- **Exercise**: An exact reprint of the listing is required, with no pictures included.

== Segment start ==

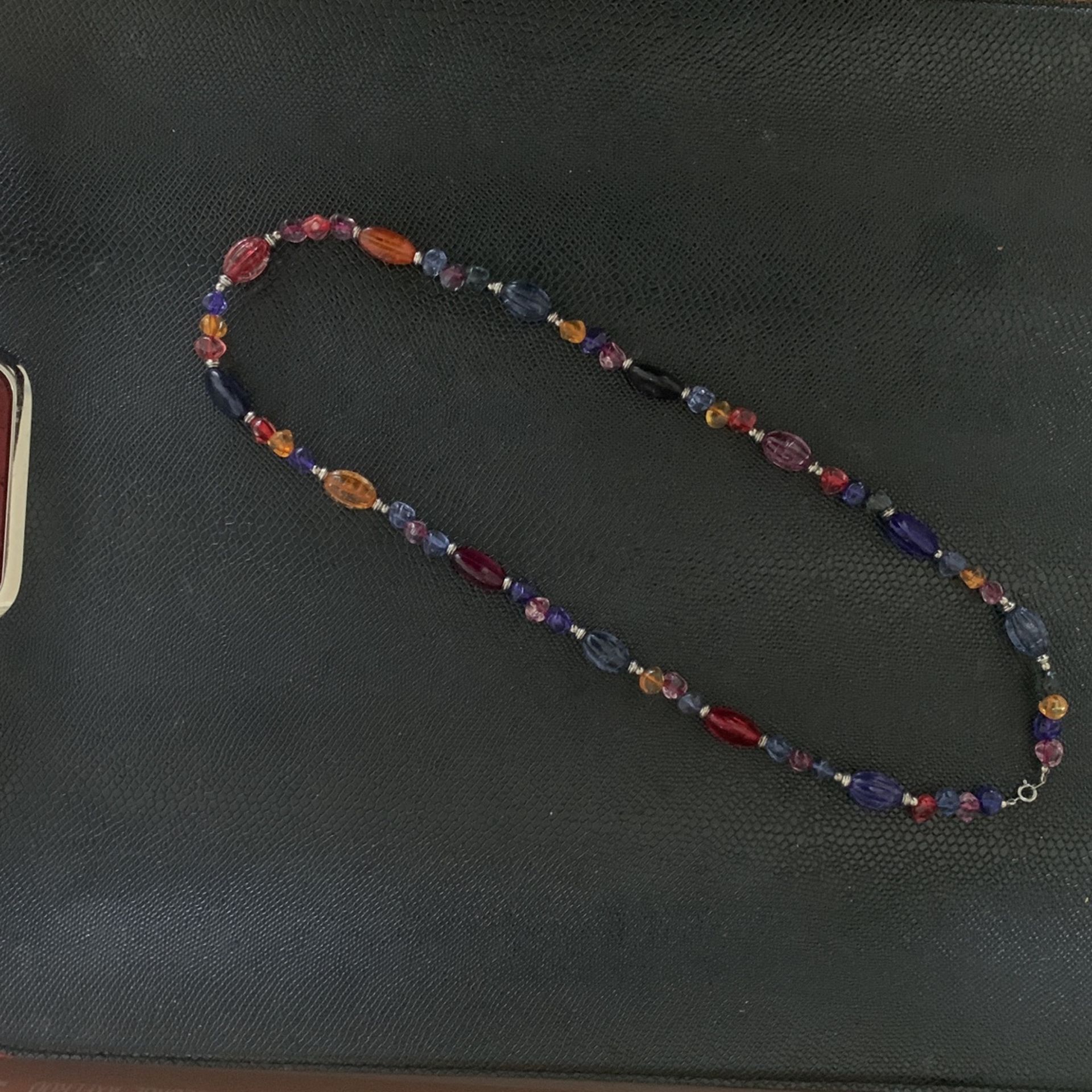 Amber ruby cobalt blue onyx tone faux hard plastic bejeweled tone beads Can be worn as a bracelet too and has a classic gold tone clasp colors are really pretty We consider offers
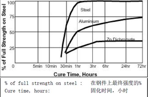 固化速度取决于被粘材料的种类。下图所示是根据ISO 10123 标准测试的。产品680 用在钢或其它材料制成的销和销套上,在不同固化时间下,所得到的剪切强度。
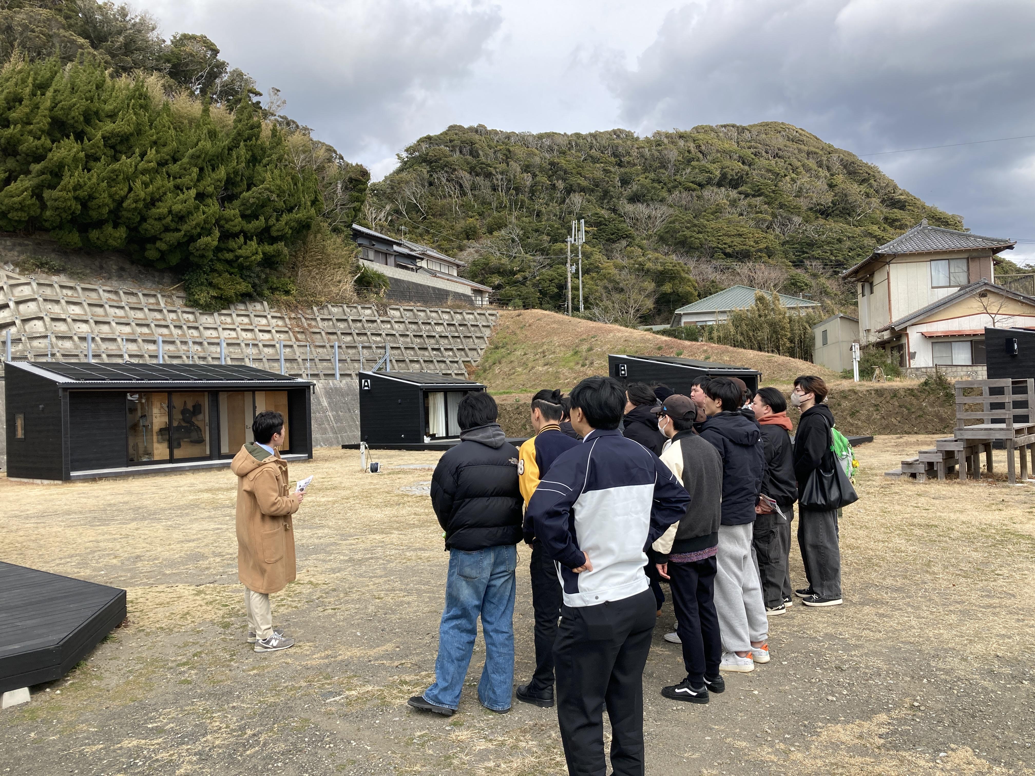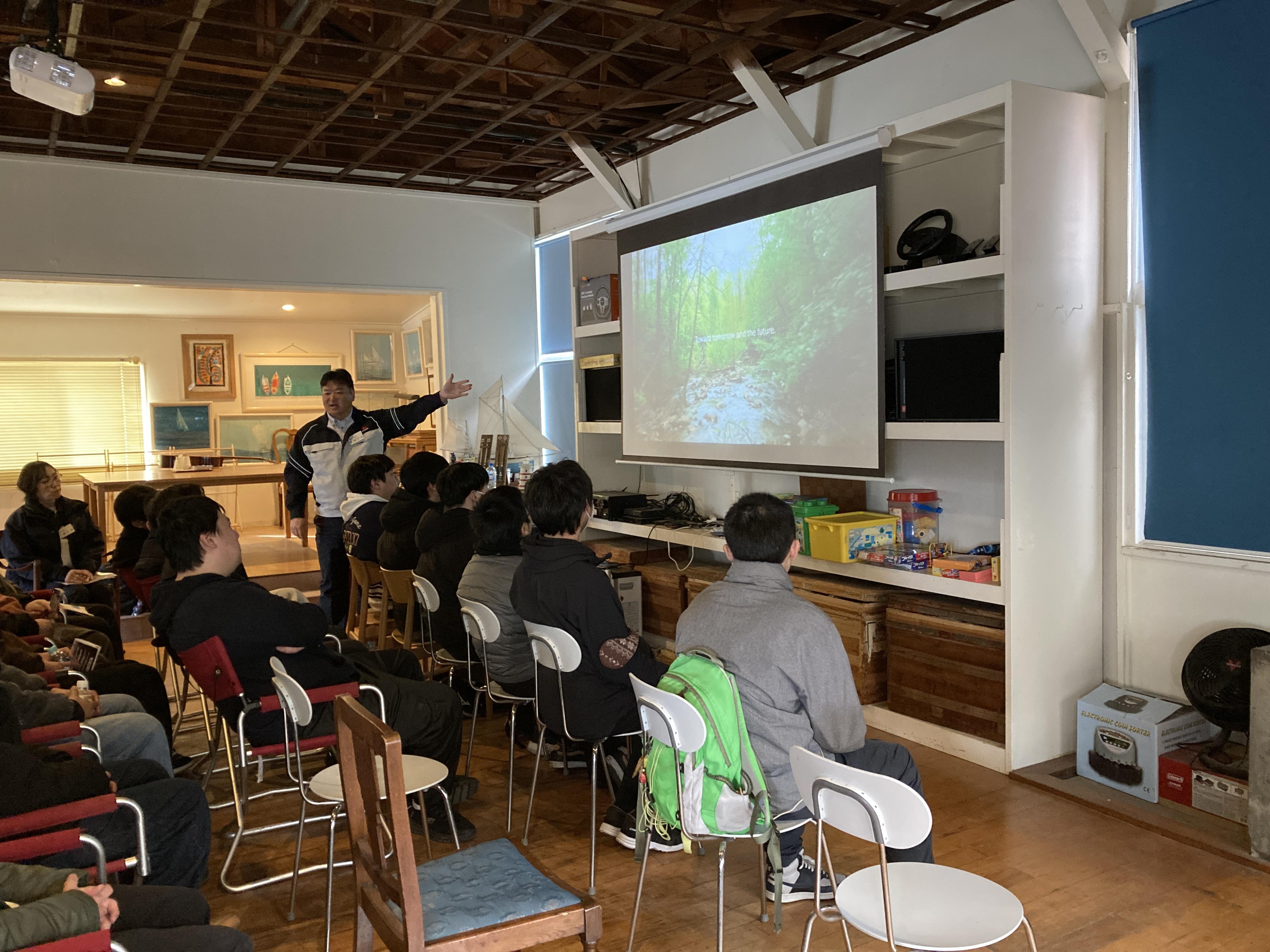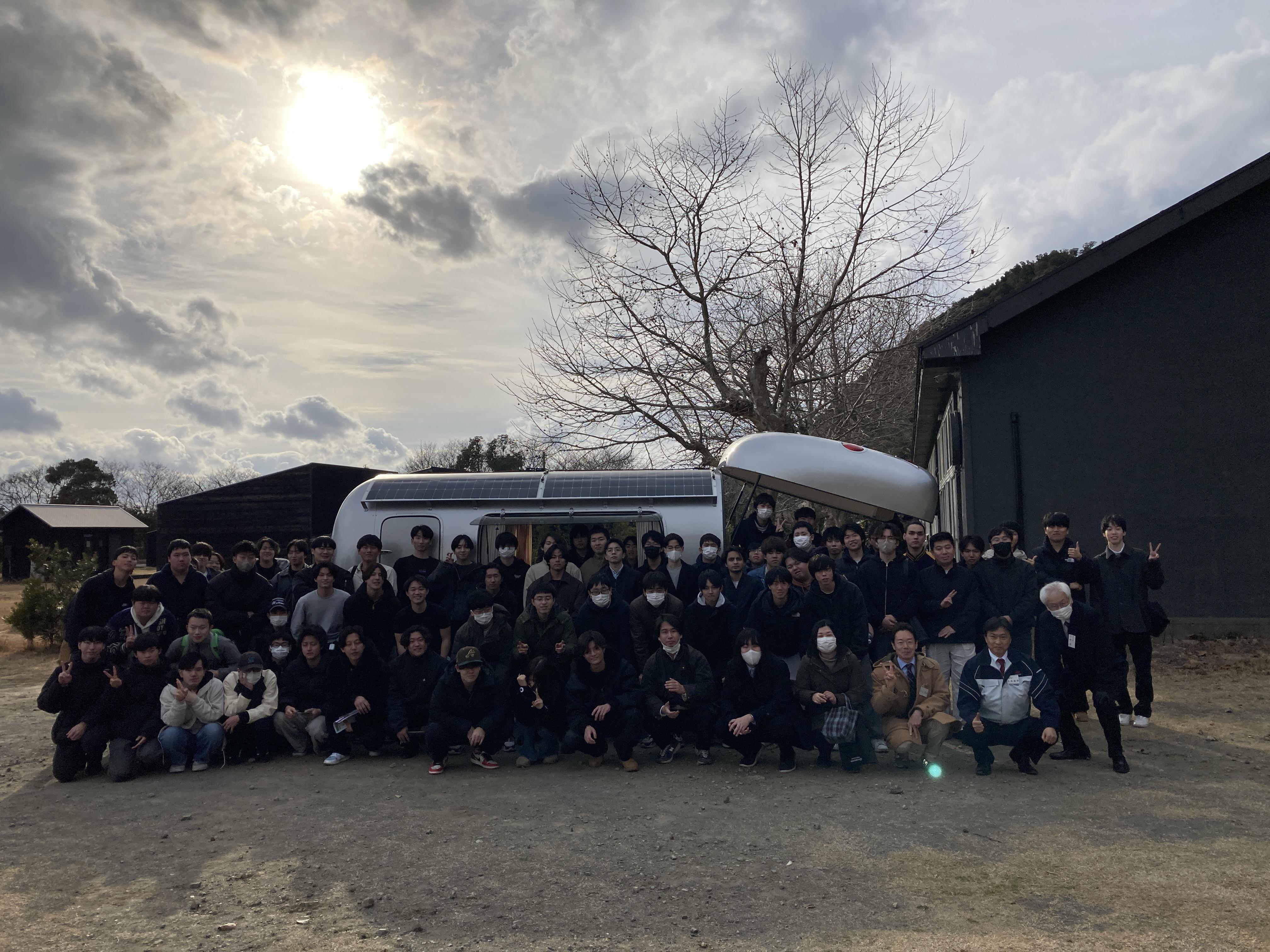 令和8年2月10日、弊社がオフグリッド設計を行う廃校活用施設「シラハマ校舎」にて、日本工学院専門学校の学生約90名を迎えた課外学習を実施しました。
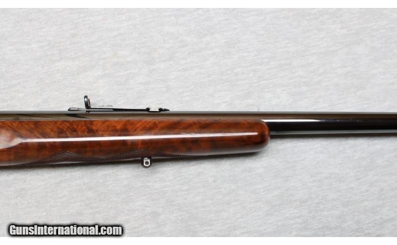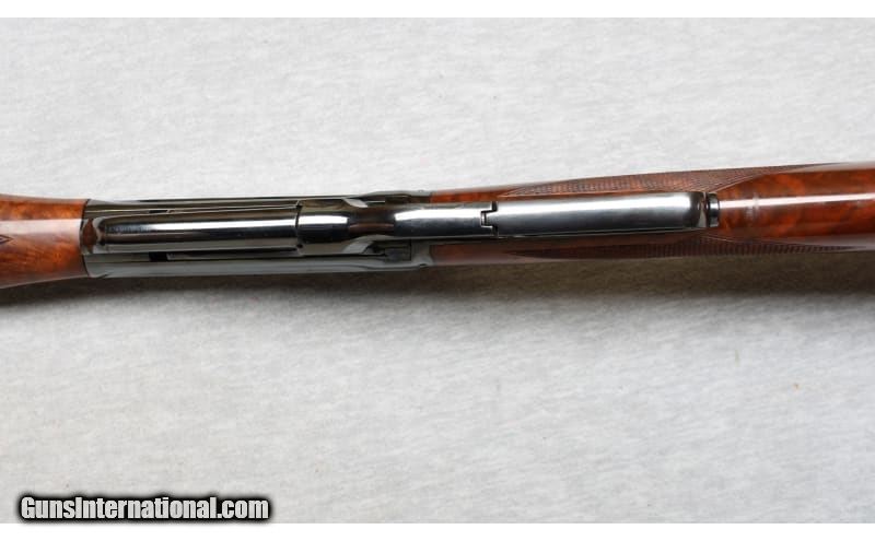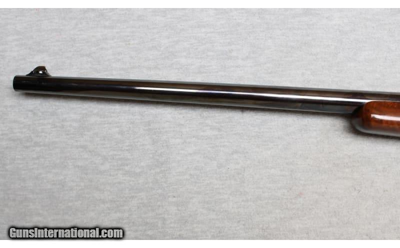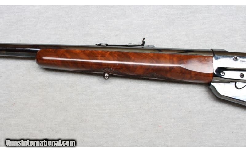 Description: Winchester Mode 1895 chambered in .30 Govt 03. The Model 1895 features a box magazine that instead of the tubular magazine design. This allows the rifle to safely chamber military and hunting cartridges with spitzer (pointed) bullets. The M1895, designed by John Browning, has the strongest action for a Winchester lever action rifle. The increased strength was needed to handle the increased pressures generated by powerful smokeless powder cartridges that were available. This rifle appears to be professionally refinished with a beautiful walnut stock and forearm, and a very deep blued finish. None SOLD Metal Condition: Excellent refinished finish Wood Condition: Excellent Bore Condition: Light frost with strong rifling Barrels: 24 Inches Triggers: Factory Stock Dimensions: LOP 13 inches Fore End: Checkered fancy walnut Butt Pad: Steel/checkered walnut Sights: Semi Buckhorn Item Location: La Vista, NE |
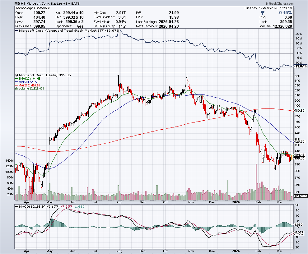 In de onderstaande grafiek zien we het koersverloop van Microsoft:

== Segment end ==

- **Written solution**:
 Amber ruby cobalt blue onyx tone faux hard plastic bejeweled tone beads Can be worn as a bracelet too and has a classic gold tone clasp colors are really pretty We consider offers
 固化速度取决于被粘材料的种类。下图所示是根据ISO 10123 标准测试的。产品680 用在钢或其它材料制成的销和销套上,在不同固化时间下,所得到的剪切强度。
 令和8年2月10日、弊社がオフグリッド設計を行う廃校活用施設「シラハマ校舎」にて、日本工学院専門学校の学生約90名を迎えた課外学習を実施しました。
 Description: Winchester Mode 1895 chambered in .30 Govt 03. The Model 1895 features a box magazine that instead of the tubular magazine design. This allows the rifle to safely chamber military and hunting cartridges with spitzer (pointed) bullets. The M1895, designed by John Browning, has the strongest action for a Winchester lever action rifle. The increased strength was needed to handle the increased pressures generated by powerful smokeless powder cartridges that were available. This rifle appears to be professionally refinished with a beautiful walnut stock and forearm, and a very deep blued finish. None SOLD Metal Condition: Excellent refinished finish Wood Condition: Excellent Bore Condition: Light frost with strong rifling Barrels: 24 Inches Triggers: Factory Stock Dimensions: LOP 13 inches Fore End: Checkered fancy walnut Butt Pad: Steel/checkered walnut Sights: Semi Buckhorn Item Location: La Vista, NE |
 In de onderstaande grafiek zien we het koersverloop van Microsoft:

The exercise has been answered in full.